**Dataset content:**
◆ ◆ ◆
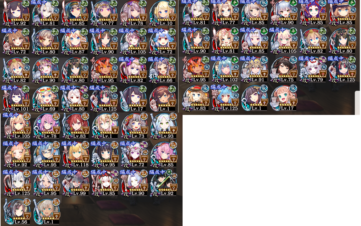平山、山、水の手持ちはこんな感じです。山がちょっと足りてないから岡豊城がよさそうな感じですかね?
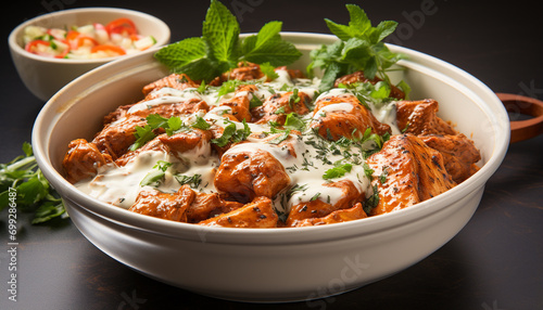 Freshness and flavor in a healthy vegetarian homemade meal generated by AI
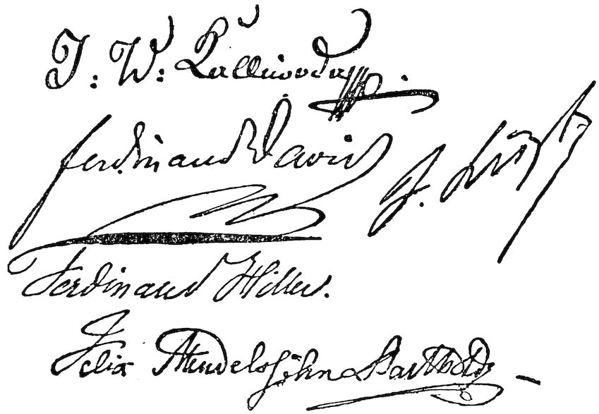 When I was about eleven or twelve, old Schneider allowed me to play with accompaniment of the full orchestra some concertos of Mozart, etc. This was a great event in my quiet life, and everything looked as if music was to be my profession. When afterwards I went to the Nicolai School at Leipzig, the school at which Leibniz (not Leibnitz) had been educated, I lived again in the 13musical house of Professor Carus. His wife sang sweetly; his son, my old friend, Professor V. Carus, was an excellent violin player, a pupil of David. I myself began to play the violoncello, but without much success, and I joined a chorus under Mendelssohn, who was then director of the famous Gewandhaus Concerts at Leipzig. We often had to sing anything he had composed and wished to hear before performing it in public. As a friend of my father and my mother, Mendelssohn was always most charming to me, but he did not encourage my idea of a musical career. The fact was I had not time to serve two masters. I could not practise and study music as it ought to be practised and studied without neglecting Greek and Latin, and, as life became more serious, my mind was more and more drawn to the thoughts of antiquity, to Homer and Cicero, and away from the delights of music. I heard excellent music at the house of Professor Carus. I still have an old slip of paper on which Mendelssohn, Liszt, David, Kalliwoda and Hiller wrote their names for me one evening after they had been playing quartettes at Professor Carus’s house. (See page 14.)
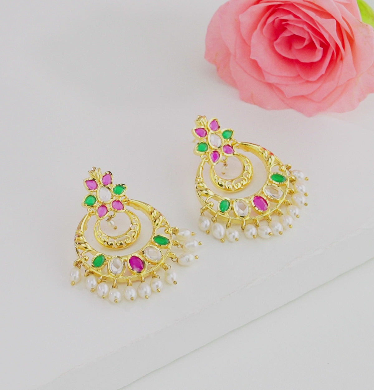 Designer Multi Color Chand Bali with Pearl Drop is a stunning blend of tradition and elegance. Adorned with Freshwater Cultured Pearls of A-grade quality, it features delicate white drop-shaped pearls sized 5-6 MM. The multi-color detailing enhances its charm, while the lifelong guarantee on pearls ensures everlasting beauty and trust. This exquisite design combines cultural richness with contemporary appeal, making it a timeless piece for your collection. Perfect for weddings, festive occasions, cultural celebrations, or parties, it pairs beautifully with traditional attire, adding grace, vibrancy, and sophistication to your overall look.
◆ ◆ ◆
**Work request:** Write out exactly the lines that run from the top of the listing above to the line containing "Freshness and flavor", both ends included. Omit every picture.

**Task output:**
平山、山、水の手持ちはこんな感じです。山がちょっと足りてないから岡豊城がよさそうな感じですかね?
 Freshness and flavor in a healthy vegetarian homemade meal generated by AI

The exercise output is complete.